Avoiding glucocorticoid administration in a neurooncological case.

Restricting glucocorticoid (GC) use in the treatment of patients with a solid tumor may help improving outcome. Here, we report administration of celecoxib rather than dexamethasone to prevent brain edema in a patient with a cerebellar glioblastoma multiforme WHO grade IV (GBM) upon the patient's request, as well as determining cerebrospinal fluid (CSF) and serum concentrations. CSF concentration (0.04 microM) was 54 times below serum concentration (2.18 microM), or 2500 times below levels inhibiting GBM cells in vitro (100 microM), revealing a blood CSF barrier for celecoxib. The patient did not require dexamethasone for the entire treatment. GC administration hence was avoided successfully in this case. The role of COX-2 inhibitors in treatment of GBM is detailed, leading to the conclusion of a pressing need for a clinical evaluation of non-steroidal COX-2 inhibitors with the ability to penetrate into brain tumors.

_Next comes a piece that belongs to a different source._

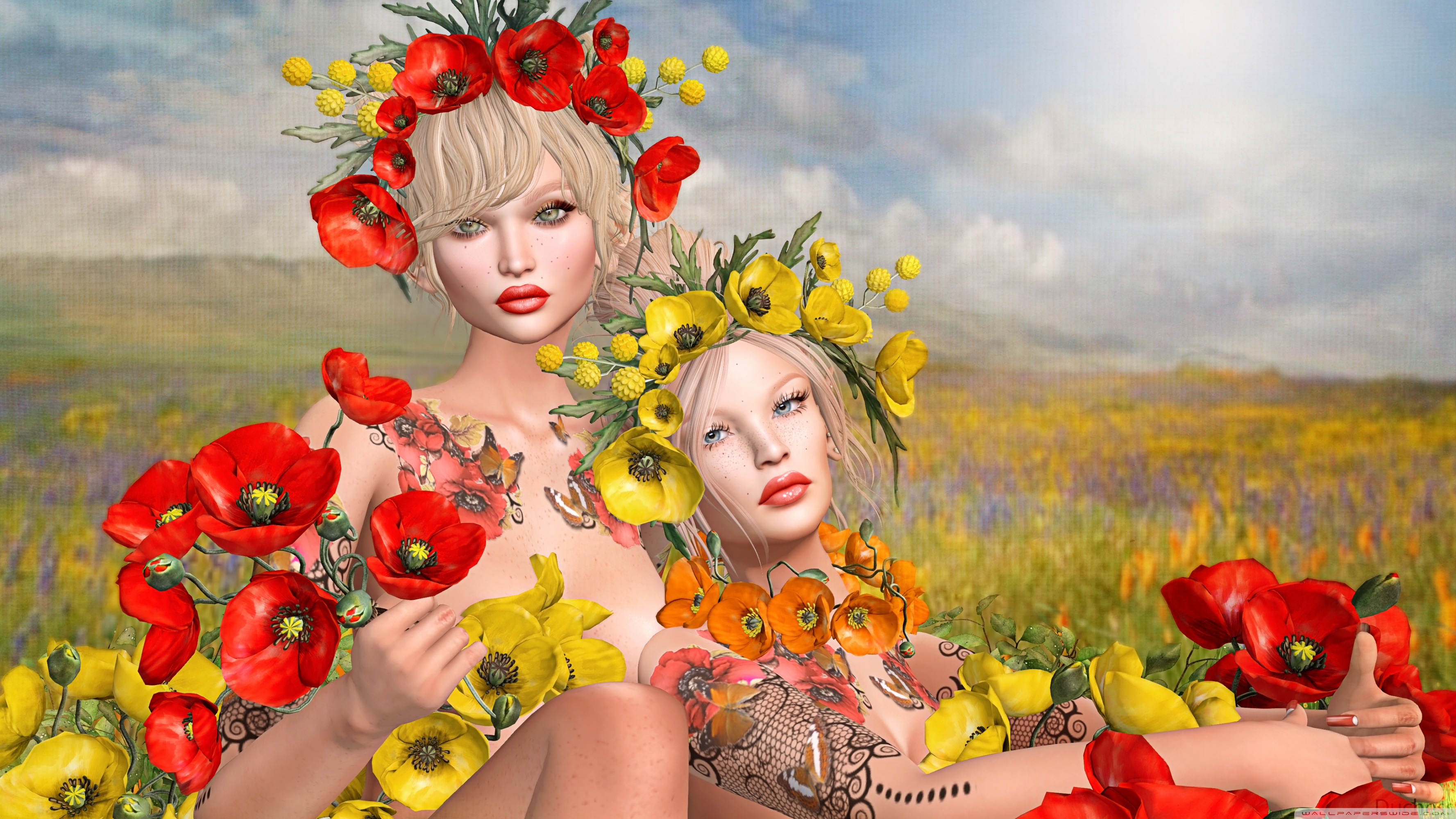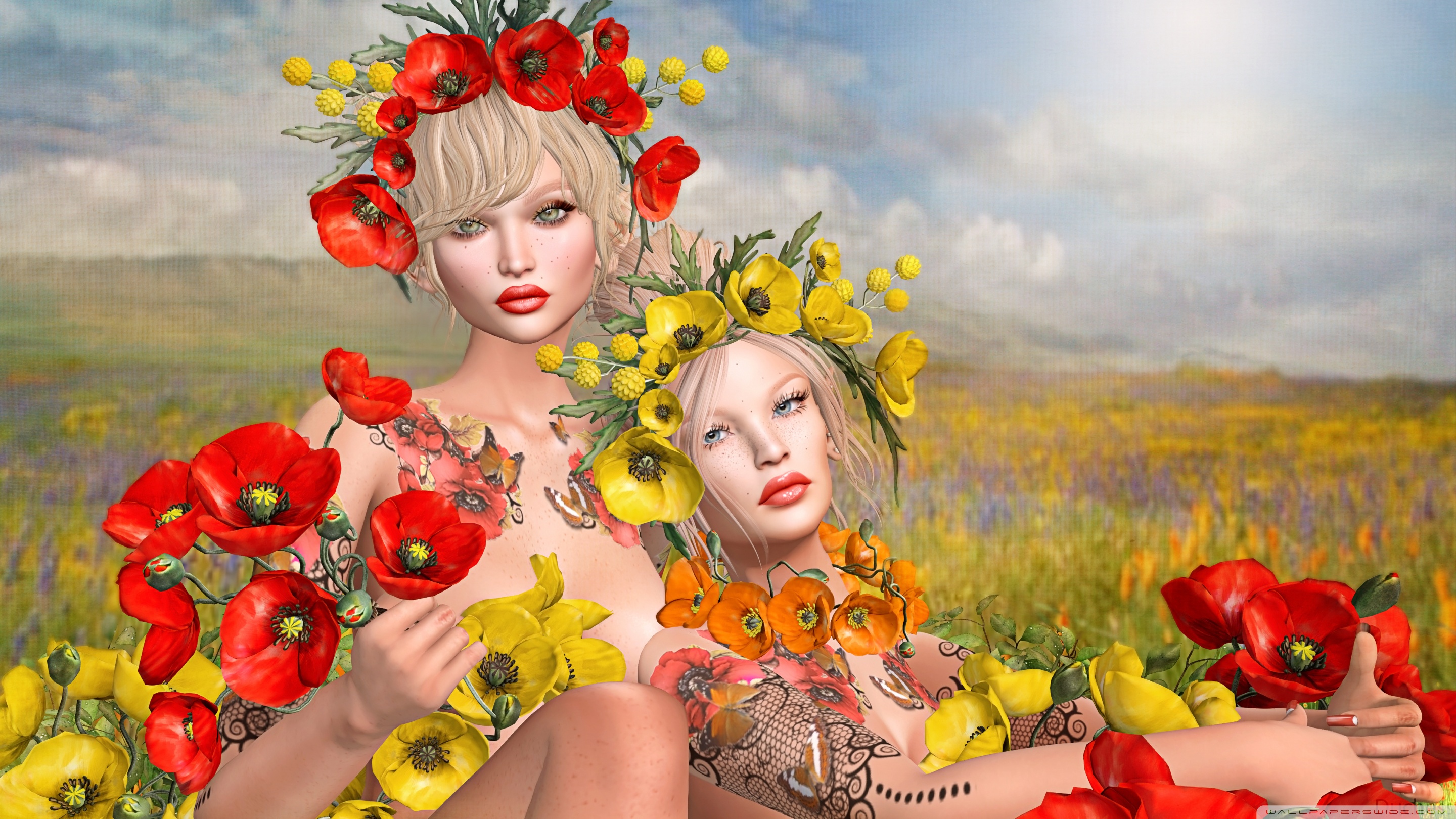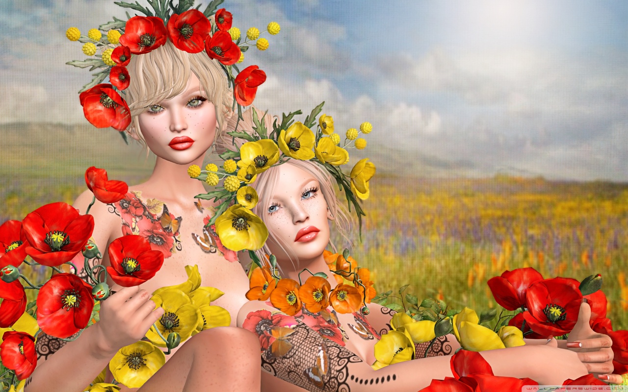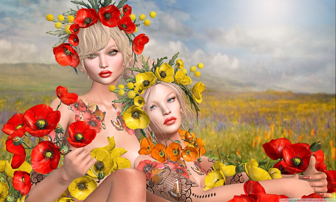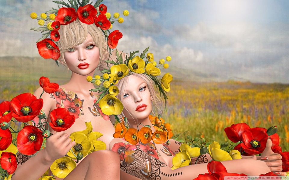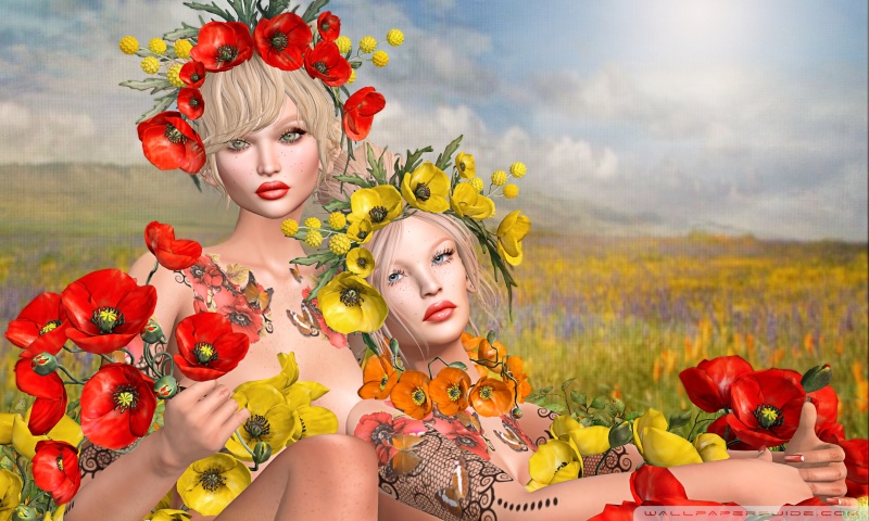 Download Second Life Video Game, Girls, Poppies 4K UHD Wallpaper

Central nervous system concentrations of cyclooxygenase-2 inhibitors in humans.

BACKGROUND: Cyclooxygenase-2 (COX-2)-selective inhibitors (coxibs) are under investigation for the potential therapy, attenuation, or prevention of neuroinflammatory and neurodegenerative disorders. Coxibs are also a significant advance in pain therapy and are traditionally considered to achieve analgesia via peripheral effects. However, in animals, central nervous system (CNS) COX-2 activity and prostanoid concentrations are increased by peripheral inflammation, central sensitization has been proposed to account for long-term pain-related phenomena, and coxibs achieve significant cerebrospinal fluid (CSF) concentrations and may cause analgesia via CNS action. Nevertheless, it remains unknown whether or which coxibs reach the CNS in humans. This investigation determined whether coxibs can reach the CNS in humans, based on CSF concentrations. METHODS: Ten healthy human volunteers simultaneously received a single oral dose of celecoxib (200 mg), rofecoxib (50 mg), and valdecoxib (40 mg). Blood and CSF were serially sampled for 10 h, and plasma total and unbound and CSF coxib concentrations were quantified by mass spectrometry. RESULTS: Total plasma concentrations and time to maximum plasma concentration were similar among the three coxibs. In contrast, unbound (free) plasma concentrations differed significantly. Maximum unbound plasma concentrations were 1.4 +/- 0.5, 42 +/- 17, and 6.0 +/- 2.9 ng/ml, respectively, for celecoxib, rofecoxib, and valdecoxib. COX-2 inhibitors rapidly penetrated the CNS. Maximum CSF concentrations were 2 +/- 2, 57 +/- 25, and 10 +/- 4 ng/ml, respectively, for celecoxib, rofecoxib, and valdecoxib. CSF concentrations exceeding the median inhibitory concentration for COX-2 were achieved by rofecoxib and valdecoxib but not celecoxib. CONCLUSIONS: These results show that coxibs do reach the CNS in humans, with rapid penetration, and in concentrations apparently sufficient to inhibit COX-2 activity. There were significant differences among coxibs in CSF penetration. Unbound (free) plasma coxib concentration was the major determinant of CSF concentration. This supports the hypothesis that coxibs may act, in part, in the human CNS, provide important new information on the mechanism and treatment of pain and may guide coxib selection for therapeutic trials when CNS penetration is desirable.